Site tech stack

Updated 24/02/2022

Created 24/02/2022

Learn about how osmarks.net works internally! Spoiler warning if you wanted to reverse-engineer it yourself.

As you may know, osmarks.net is a website, served from computers which are believed to exist. But have you ever wondered exactly how it's all set up? If not, you may turn elsewhere and live in ignorance. Otherwise, continue reading.

Many similar personal sites are hosted on free static site services or various cloud platforms, but mine actually runs on a physical server.

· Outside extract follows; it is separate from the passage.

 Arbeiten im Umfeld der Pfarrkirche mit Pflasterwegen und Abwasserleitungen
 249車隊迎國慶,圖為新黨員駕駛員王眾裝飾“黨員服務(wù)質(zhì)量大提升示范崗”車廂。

This was originally done because of my general distrust of SaaS/cloud platforms, to learn about Linux administration, and desire to run some non-web things, but now it's necessary to run the full range of weird components which are now important to the website. The hardware has remained the same since early 2019, before I actually had a public site, apart from the addition of more disk capacity and a spare GPU for occasional machine learning workloads - I am using an old HP ML110 G7 tower server. Despite limited RAM and CPU power compared to contemporary rackmount models, it was cheap, has continued to work amazingly reliably, and is much more power-efficient than those would have been. It mostly only runs at about 5% CPU load and 2GB of RAM in use anyway, so it's not been an issue.

The main site itself, which you're currently reading, is in fact just a simple static website. Over the years the exact implementation has varied a lot, from the original not-actually-that-static version using Caddy, some weird PHP scripts for Markdown, and a few folders of HTML files, to the later strange combination of Haskell (using Hakyll) and makefiles to the current somewhat horrible Node.js program (which also interacts with someone else's Go program. Fun!). The modern implementation of the compiler does templating, dependency resolution, Markdown and some optimization tasks in about 300 lines of poorly-described JavaScript.

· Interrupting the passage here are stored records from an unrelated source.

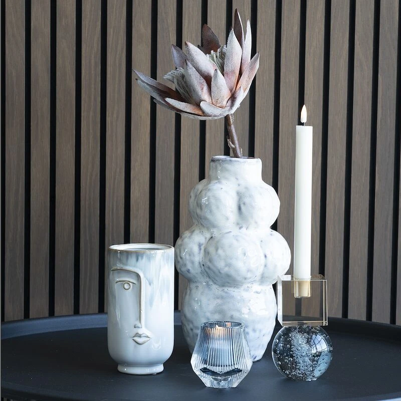 Upea keraaminen maljakko isoilla ja näyttävillä kuplilla. Näyttävä maljakko kerää katseita ja tuo sisustukseen kodikkuutta. Maljakkoon sopii kauniisti niin kuivakukat, kuin tuoreet leikkokukat.
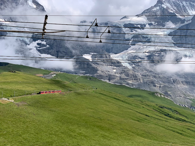 但因为下午一点才能上少女峰,而最早离开少女峰的车已经排到了4:30,下来之后徒步一个半小时到Mannlichen缆车站,可能要6点以后,缆车道要关闭了,所以行不通。售票员说你还是不要这么折腾了,放弃徒步吧,下了山直接坐火车去文根,然后回Wilderswil。
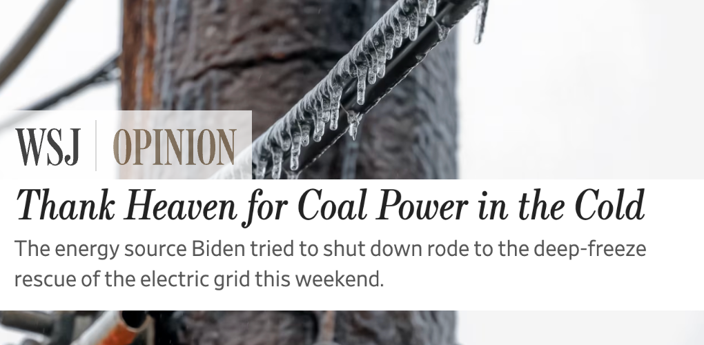January 26, 2026 - The Wall Street Journal hit the nail on the head this weekend in an editorial titled “Thank Heaven for Coal Power in the Cold.” Winter storm Fern has wreaked havoc across a 2,000-mile stretch of the country leaving hundreds of thousands without power. If not for coal generation, it would be millions more.
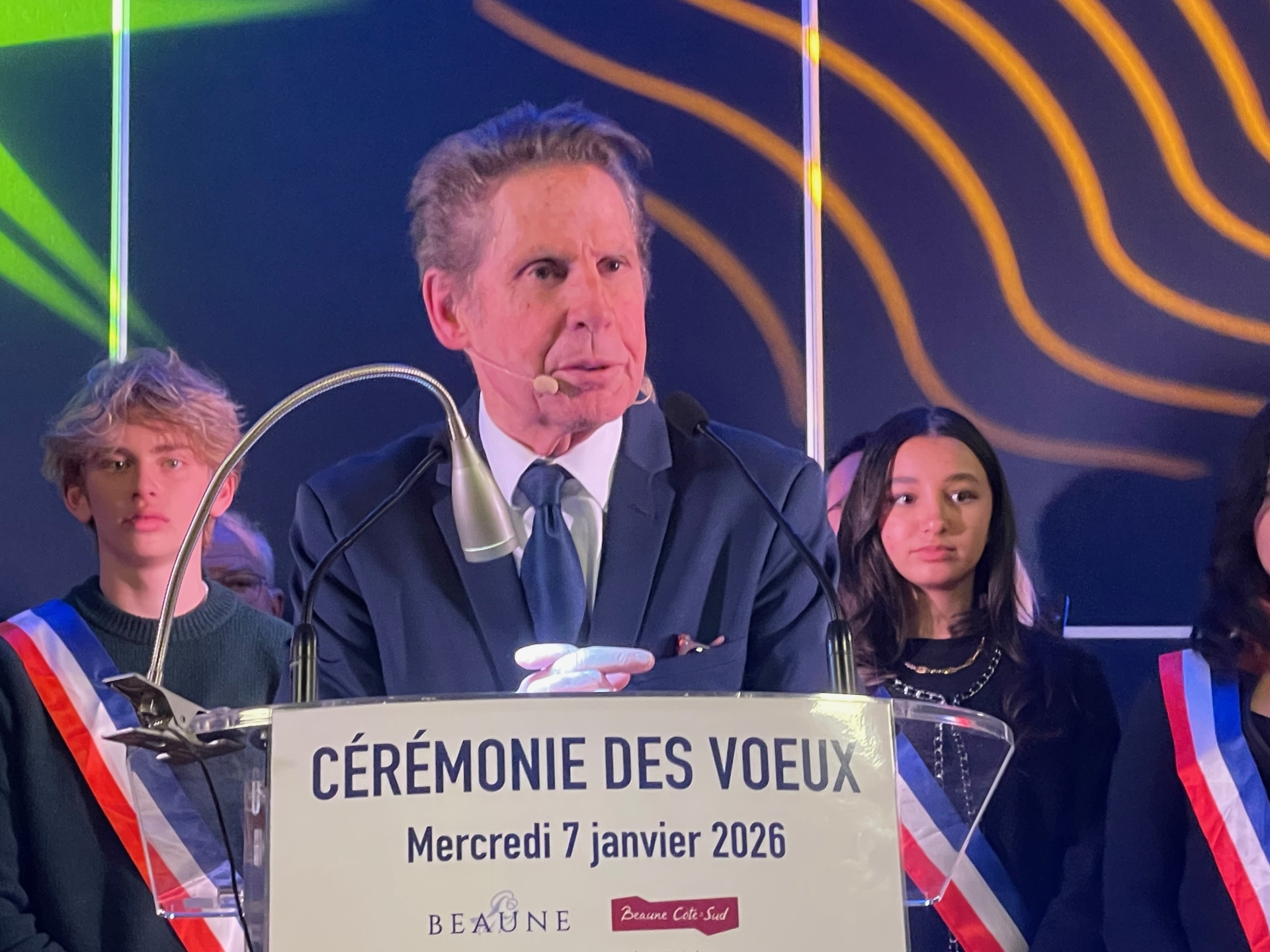Pour son dernier exercice de vœux en tant que maire de Beaune et président de la Communauté d’agglomération Beaune Côte et Sud, Alain Suguenot a réuni, ce mercredi, une assistance nombreuse au Palais des Congrès de Beaune. Entouré symboliquement des maires de l’agglomération, il a livré un discours volontairement mesuré, marqué par la reconnaissance du travail des élus locaux, une lecture du contexte national et un message tourné vers les jeunes et l’avenir.

Being static files, many, many different webservers could have been used for this site. In practice, it's mostly alternated randomly between caddy (a more recent, Go-based webserver with automatic LetsEncrypt integration) and nginx (an older and more powerful but slightly quirky program) - caddy generally had easier configuration, but I arbitrarily preferred nginx in some ways. After caddy v2 suddenly required me to rewrite my configuration and introduced a bunch of weird issues, I permanently switched over to nginx and haven't changed back. The configuration file is now 600 lines or so, even with inclusion of includes to shorten things, but it... works, at least. This is mostly to accommodate the bizzarely large set of subdomains I now have for various people, and reverse proxy configuration for backend services. I also use a custom-compiled build of nginx with HTTP/3 (QUIC) support and some modules compiled in.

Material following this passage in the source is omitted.